Here is a matrix for a \(2^4\) design with ABD as generator.
> ABD.4 <- t(c(1,1,0,1))
> ABD.4
[,1] [,2] [,3] [,4]
[1,] 1 1 0 1
Here is a matrix for a \(2^4\) design with ABD and CD as generators. We show a variety of ways of creating the same matrix. I think the first is easiest to think about, but to each his own.
> ABD.CD.4 <- rbind(c(1,1,0,1),c(0,0,1,1))
> ABD.CD.4
[,1] [,2] [,3] [,4]
[1,] 1 1 0 1
[2,] 0 0 1 1
> ABD.CD.4 <- matrix(c(1,0,1,0,0,1,1,1),nrow=2)
> ABD.CD.4
[,1] [,2] [,3] [,4]
[1,] 1 1 0 1
[2,] 0 0 1 1
> ABD.CD.4 <- matrix(c(1,1,0,1,0,0,1,1),nrow=2,byrow=TRUE)
> ABD.CD.4
[,1] [,2] [,3] [,4]
[1,] 1 1 0 1
[2,] 0 0 1 1
This is for ABD and ABCD; we know that this is a bad idea.
> ABD.ABCD.4 <- rbind(c(1,1,0,1),c(1,1,1,1))
> ABD.ABCD.4
[,1] [,2] [,3] [,4]
[1,] 1 1 0 1
[2,] 1 1 1 1
And lets make a big one. Use ABCE, ABDF, ACDG, and BCDH as generators in a \(2^8\). Note that we can name the variables, which could save us some bother later on.

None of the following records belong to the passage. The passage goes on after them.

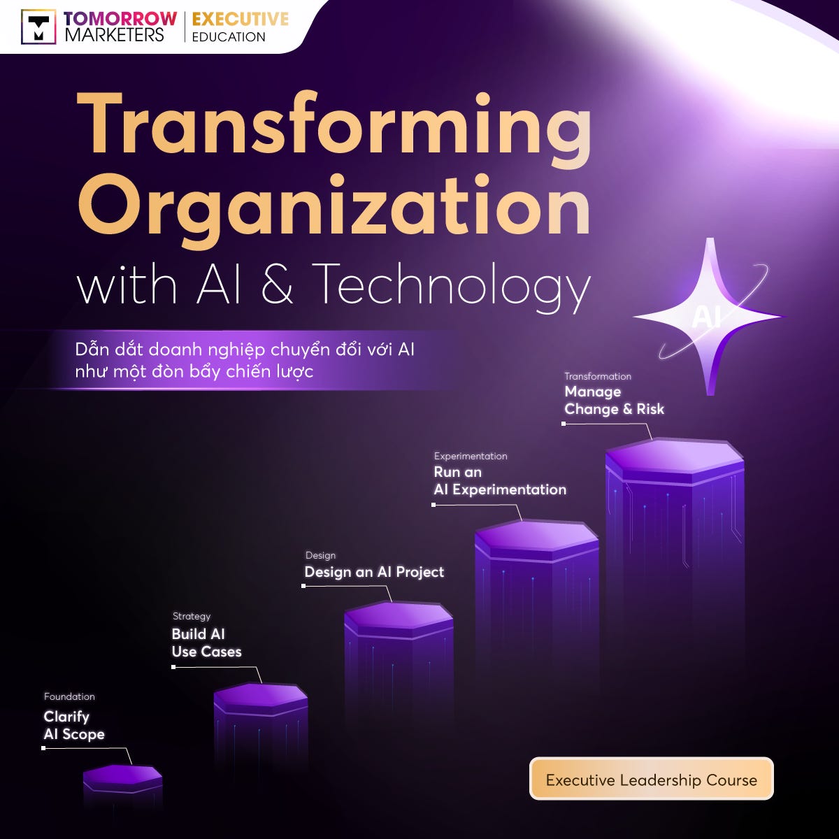 Tomorrow Marketers phát triển khóa học Transform Organization with AI & Technology - thiết kế riêng cho CEO, Founder, Business Owner, C-level và Head of Function đang trực tiếp chịu trách nhiệm về tăng trưởng, vận hành và chuyển đổi doanh nghiệp.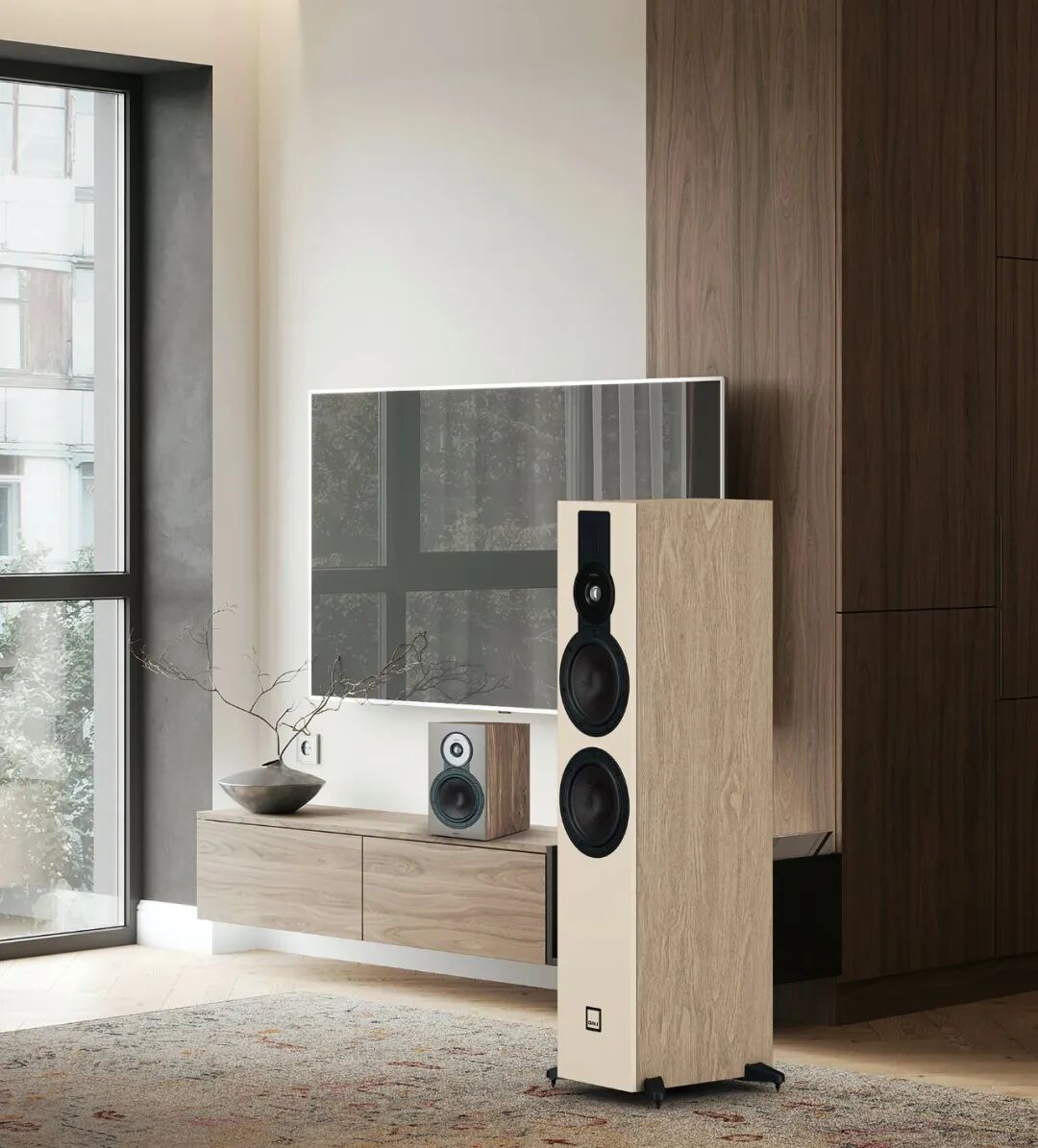 铝制高音单元挡板、品牌定制接线柱与磁吸式网罩等细节,层层勾勒出细腻质感;落地式型号更搭载可调节铝制支撑底座,兼顾稳固放置与摆位调校需求。最终呈现出兼具高端质感与简约美学的设计语言,尽显达尼独树一帜的产品格调。达尼SONIK系列在外观设计上延续了北欧简约风格,提供黑梣木色、白色、胡桃木色、天然橡木色四款现代配色,满足不同用户的家居审美需求。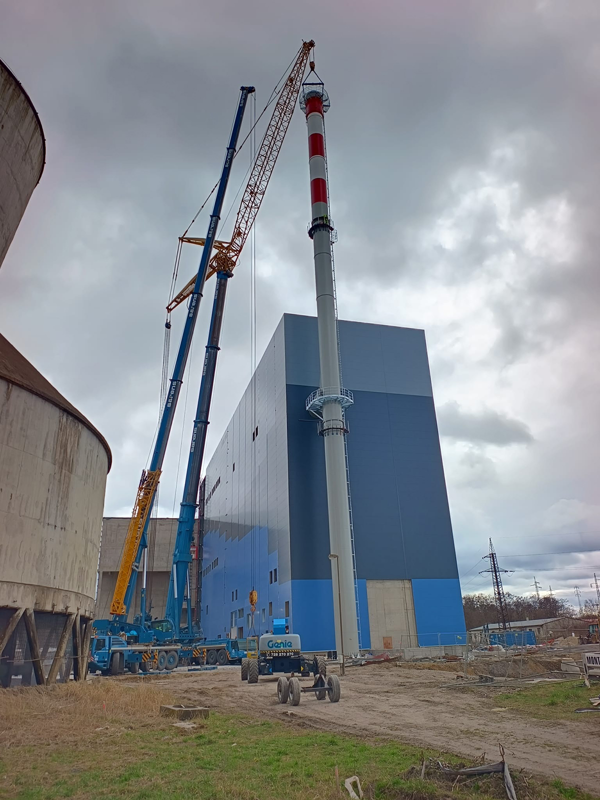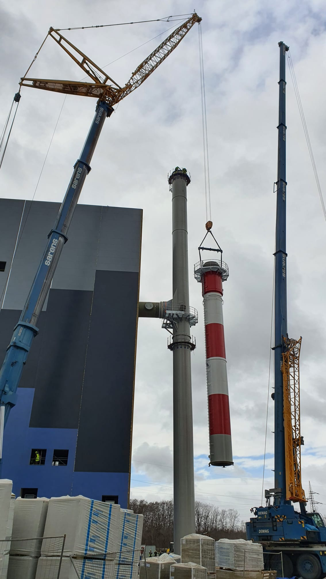 „Spodní část prvního komínového dílce uchopil pomocný jeřáb s nosností 100 tun, horní část hlavní jeřáb s nosností 500 tun a poté ho vyzdvihl do výšky tak, aby se přetočil z vodorovné do svislé polohy. Následovalo již samotné umístění do vybetonované patky. Podobným způsobem jsme v sobotu osazovali druhý dílec a v pondělí třetí. Před provedením zdvihů jsme museli části komína vystrojit žebříky, lávkami a hromosvodem. Samotné zdvihání sice vypadá spektakulárně, logisticky náročnější bylo však to, co tolik vidět není. Nadrozměrné závozy a průjezd až na staveniště jsme museli plánovat dlouho dopředu a pečlivě koordinovat na týdenní bázi,“ vysvětlil vedoucí projektu Tomáš Burian z Metrostavu CZ.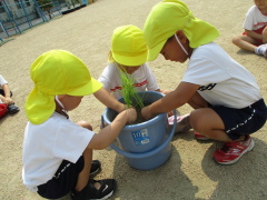 今日は“田植え”をしました。ぞう・らいおん組さんは田んぼに行って田植えをしました。泥の中に入ると「なんかあったかいな~」「足が抜けない( ノД`)シクシク…」等と言っていました。らいおん組さんは去年も経験しているので「出来た~!次ください!」と慣れた手つきでやってくれました。ぞう組さんは初めて入る田んぼで最初は戸惑っていましたが徐々に慣れて頑張って植えてくれました。秋にはお家の人と一緒に稲刈りしようね♬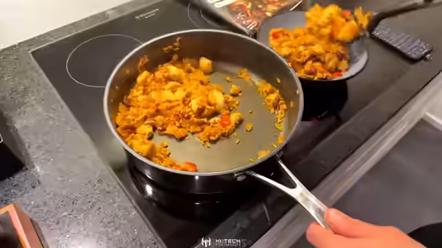 01:28:47Trilluxe demonstriert seine Kaffeemühle und den kompletten Brühprozess. Er verwendet frische Bohnen und erklärt das Leveling-Tool, das durch Schwerkraft funktioniert und die gemahlenen Bohnen platt macht. Das Puck-Sieb verhindert, dass Kaffeesatz in die Maschine gedrückt wird. Nach dem Einschenken zeigt er die Extraktion, merkt aber, dass der Druck und die Geschwindigkeit optimiert werden müssen. Die Cremabildung ist noch nicht ideal, aber er demonstriert den Prozess mehrfach, bevor er zur Milchschäumung übergeht, wo er Probleme mit der Konsistenz hat – entweder zu dünn oder zu dick. Trotzdem genießt er den Cappuccino und bereitet sich parallel eine Hähnchen-Fajita-Bowl zu.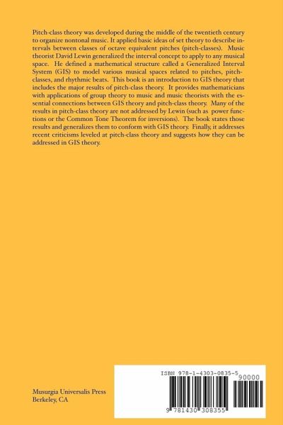 This book is an introduction to GIS (Generalized Interval Systems) theory that includes the major results of pitch-class theory. It provides mathematicians with applications of group theory to music and music theorists with the essential connections betw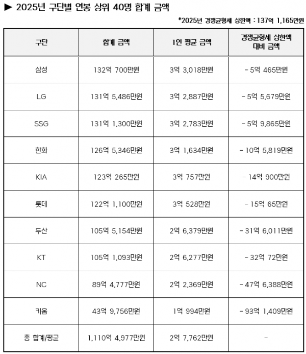 합계 금액을 40명으로 나눈 선수당 평균 금액은 2억 7,762만원이다.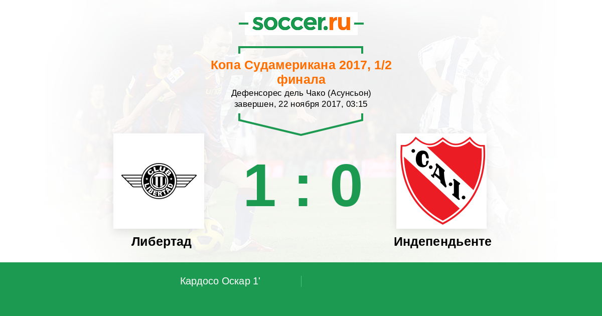 1' (1:0) Кардосо Оскар (9) (Акино Серхио (16))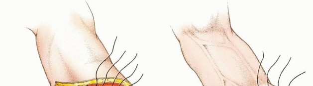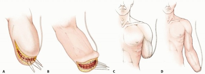 TECH FIG 4 • Superficial fascia and skin are closed over closed suction drains: (A) above-elbow amputation and (B) below-elbow amputation. Final closure for above-elbow amputation (C) and below-elbow amputation (D) with closed suction drains. (continued)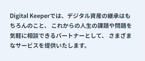 デジタル終活支援オンラインサービス「Digital Keeper(デジタルキーパー)」を運営しております株式会社デジタル金庫の山口と申します。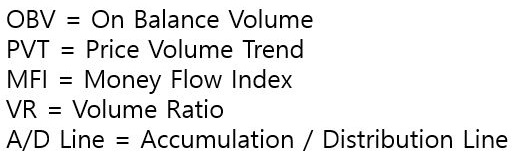 이번 목표는 다른게 아니라 거래량을 기반으로 해서 계산을 할 수 있는 지수들이 있는지 없는지 한번 검사를 해 보았습니다.
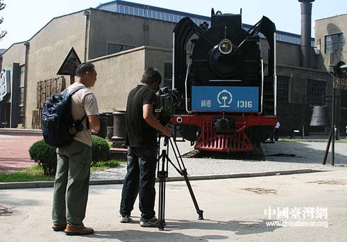 台湾旺旺中时沈阳采访团在沈阳铸造博物馆拍摄蒸汽火车 图片来源:沈阳市台办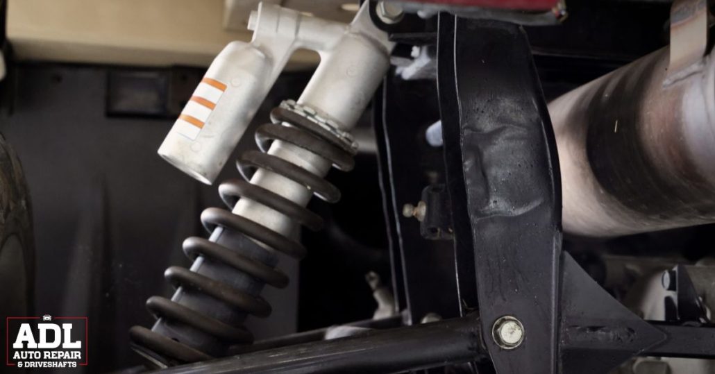 close up image of a vehicle suspension - ADL Auto Repair & Driveshafts suspension and alignment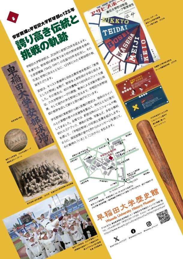 本展では、野球部の創設者であり初代野球部長を務めた安部磯雄(1865–1949)の生誕160年を記念し、その生涯と思想に迫るとともに、125年にわたる野球部の軌跡をたどります。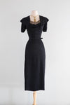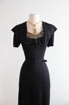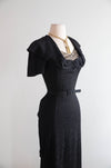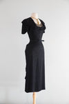 1940's Femme Fatale Black Rayon Cocktail Dress / S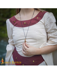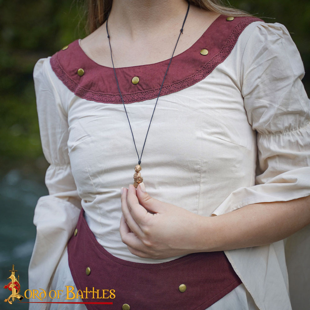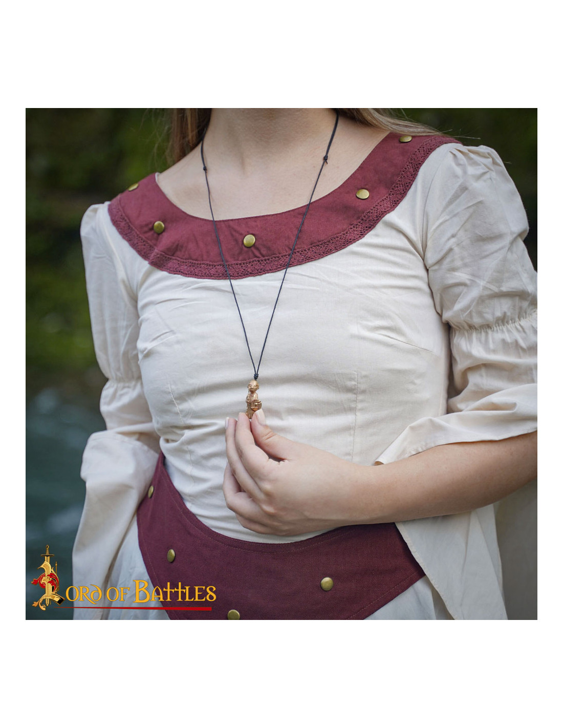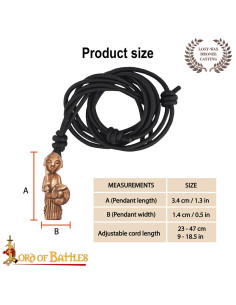 It is suspended from a black cord, reinforcing its rustic and medieval style. This material offers comfort and flexibility so you can wear it both at themed events and in your daily life. Additionally, its compact design ensures that it is not overly extravagant and is easy to pair with different styles.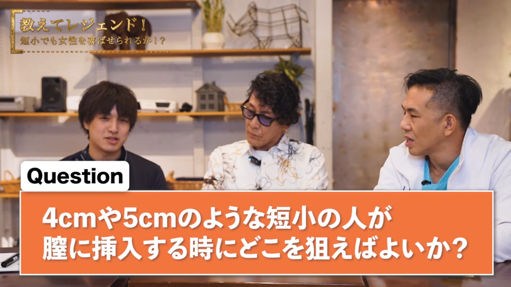 橘:女性の「いいポイント」というか、「気持ちいいポイント」って、女性によると思うんですけれども、4cmや5cmのような短小の人が膣に挿入する時にどこを狙えばよいか?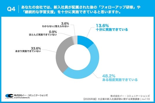 「Q4. あなたの会社では、新入社員が配属された後の「フォローアップ研修」や「継続的な学習支援」を十分に実施できていると思いますか。」(n=110)と質問したところ、「ある程度実施できている」が48.2%、「あまり実施できていない」が33.6%という回答となりました。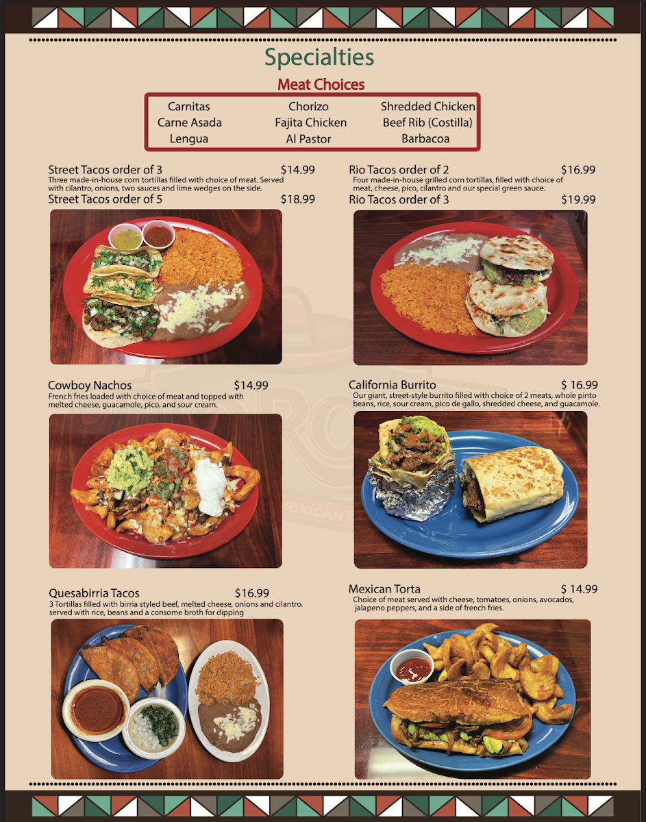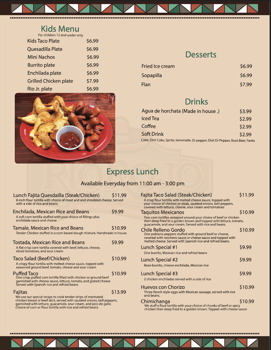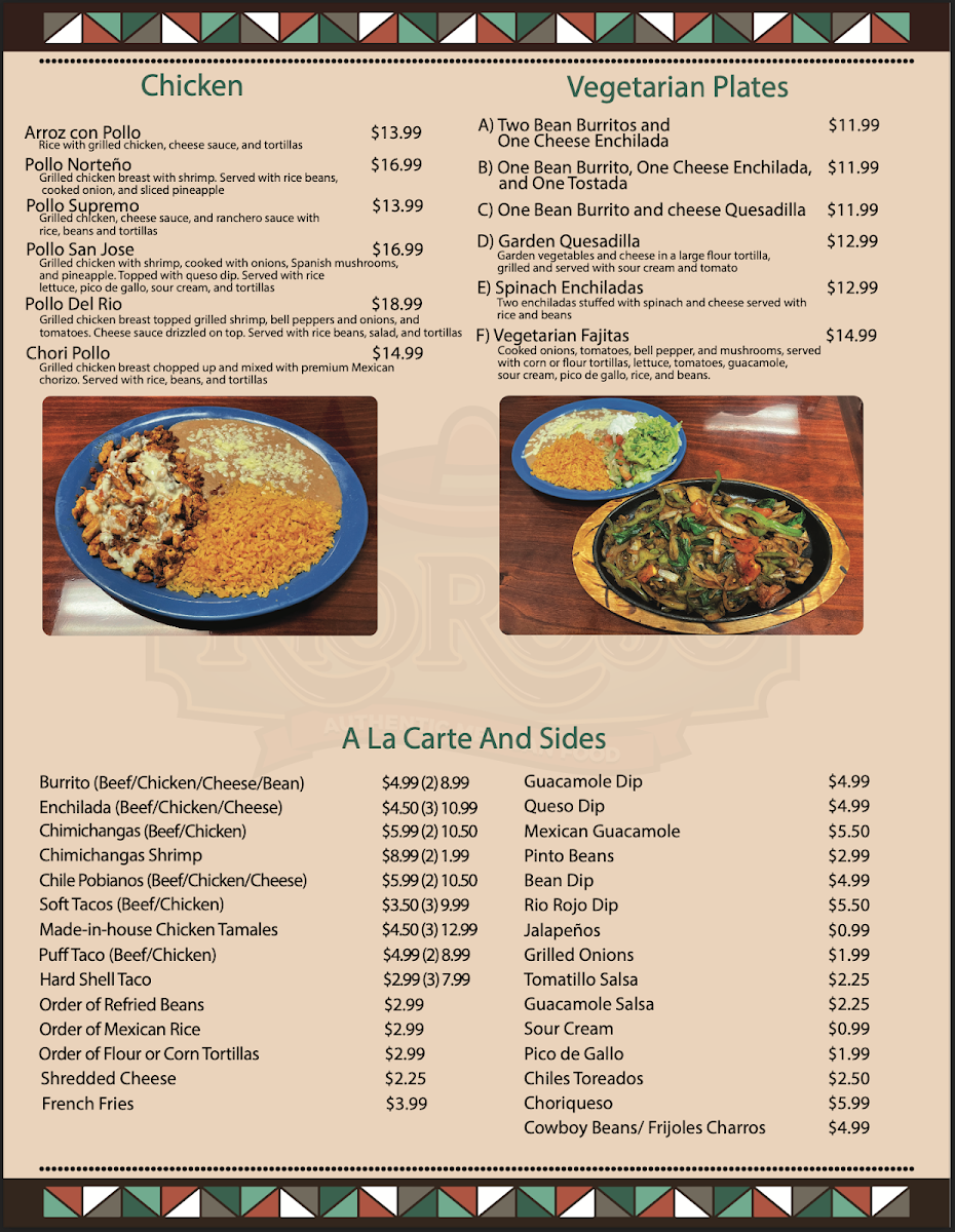 Rio Rojo Authentic Mexican Food offers a menu that feels like a welcoming, casual spot for enjoying classic Mexican dishes. The menu features comforting, flavorful meals ranging from hearty burritos and sizzling fajitas to fresh, hand-made street tacos. Whether you’re stopping by for a relaxed lunch or a laid-back dinner, you’ll find options that suit a variety of appetites and occasions.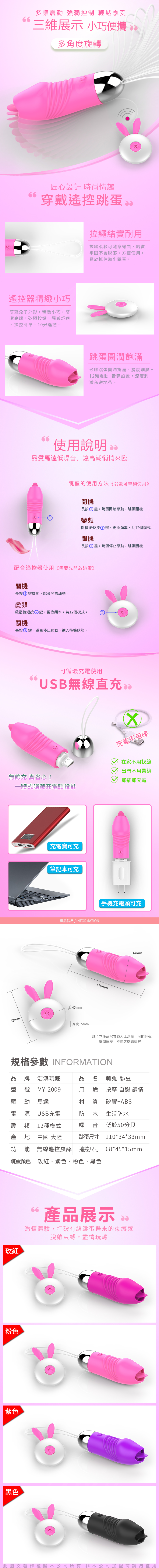 .商品名稱:萌兔舔豆 12段變頻舌舔矽膠充電遙控震動跳蛋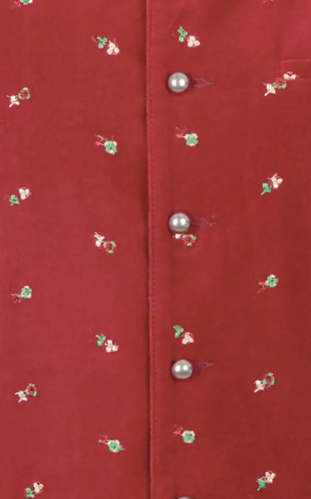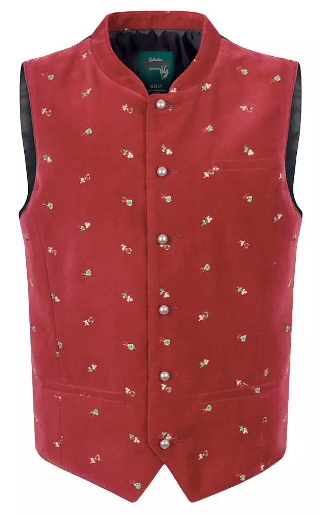 Samt-Trachtenweste, bestickt einreihig, Stehkragen, mit Metall-Kugelknöpfe, Stoffrücken mit Spange und drei Leistentaschen.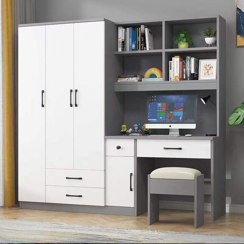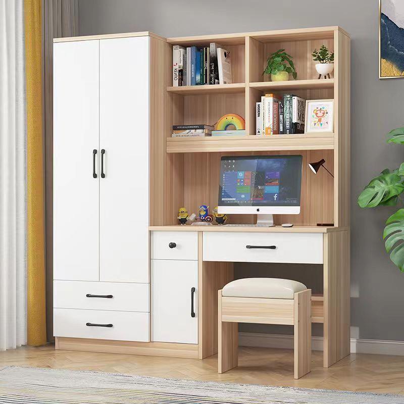 实木书桌衣柜一体组合卧室家用组合柜儿童书桌书柜学生组合电脑桌

> big8 <- rbind(c(A=1,B=1,C=1,D=0,E=1,F=0,G=0,H=0),c(1,1,0,1,0,1,0,0),c(1,0,1,1,0,0,1,0), c(0,1,1,1,0,0,0,1))
> big8
A B C D E F G H
[1,] 1 1 1 0 1 0 0 0
[2,] 1 1 0 1 0 1 0 0
[3,] 1 0 1 1 0 0 1 0
[4,] 0 1 1 1 0 0 0 1
When setting up any confounded design, we need to know
what we are confounding. conf.set()
takes a matrix
of generators and returns all of the confounded effects.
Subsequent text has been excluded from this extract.